- **Dataset section**:
=-=-=-=-=

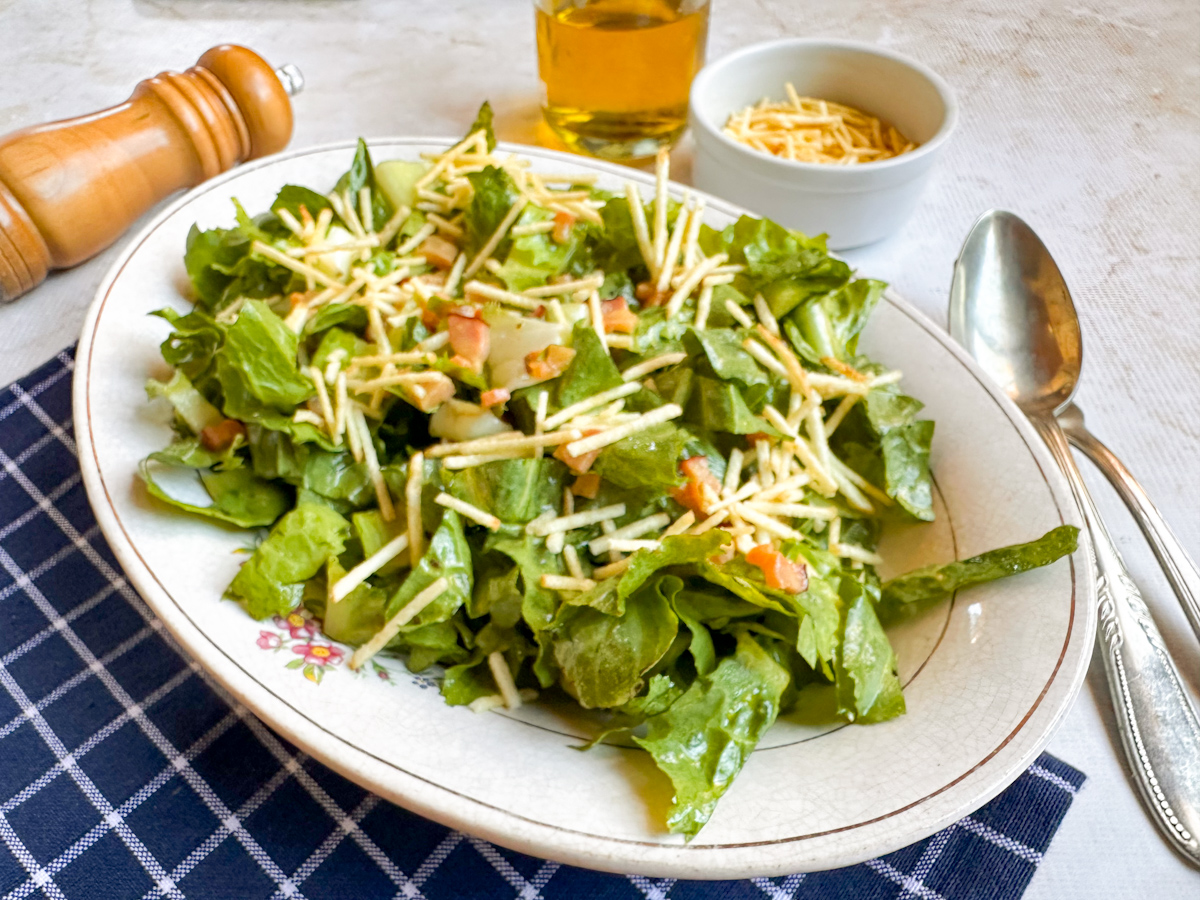 Crocância, sabor e praticidade em uma salada que surpreende! A mistura do amargor suave da chicória com o toque defumado do bacon e a acidez do molho deixa tudo equilibrado e delicioso. Sirva na hora para manter a textura perfeita.
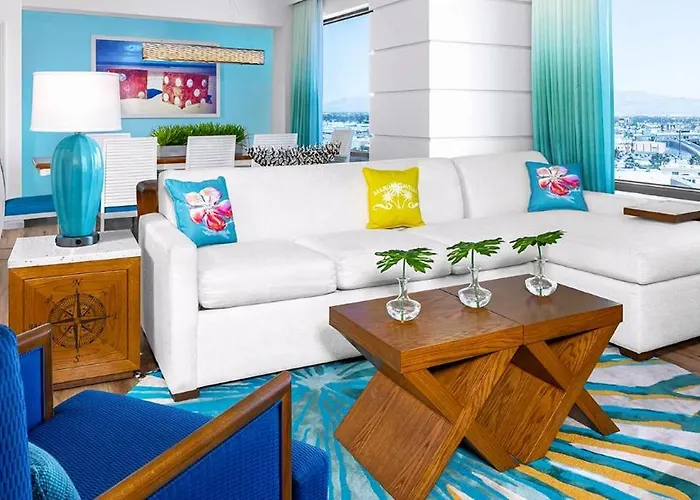 The 2-bedroom Wyndham Margaritaville Desert Blue 3Br Apartment With Resort Access Las Vegas villa boasts a location nearly a 5-minute walk from Fall of Atlantis Show and offers guests to enjoy a casino. Featuring a swimming pool, the property is located a mere 1.6 km from the LINQ Promenade.
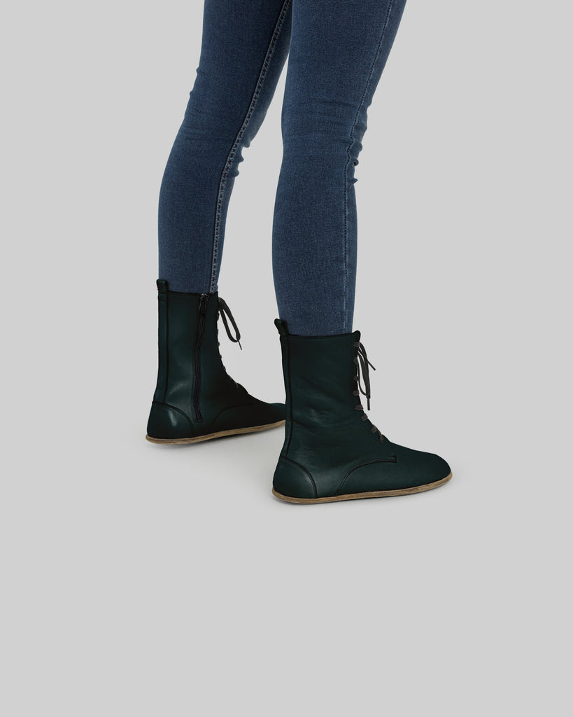 Topkapi Dark Green Color Artisan Handcrafted Genuine Leather Grounding Barefoot Boot For Women | Wide Toe Box | Flexible Sole | Zero Drop | Lightweight | Breathable | Eco-Friendly | Grounding Shoes | Minimalist Shoes

=-=-=-=-=

Print the material word for word; images are to be left out.

- **Expected answer**:
 Crocância, sabor e praticidade em uma salada que surpreende! A mistura do amargor suave da chicória com o toque defumado do bacon e a acidez do molho deixa tudo equilibrado e delicioso. Sirva na hora para manter a textura perfeita.
 The 2-bedroom Wyndham Margaritaville Desert Blue 3Br Apartment With Resort Access Las Vegas villa boasts a location nearly a 5-minute walk from Fall of Atlantis Show and offers guests to enjoy a casino. Featuring a swimming pool, the property is located a mere 1.6 km from the LINQ Promenade.
 Topkapi Dark Green Color Artisan Handcrafted Genuine Leather Grounding Barefoot Boot For Women | Wide Toe Box | Flexible Sole | Zero Drop | Lightweight | Breathable | Eco-Friendly | Grounding Shoes | Minimalist Shoes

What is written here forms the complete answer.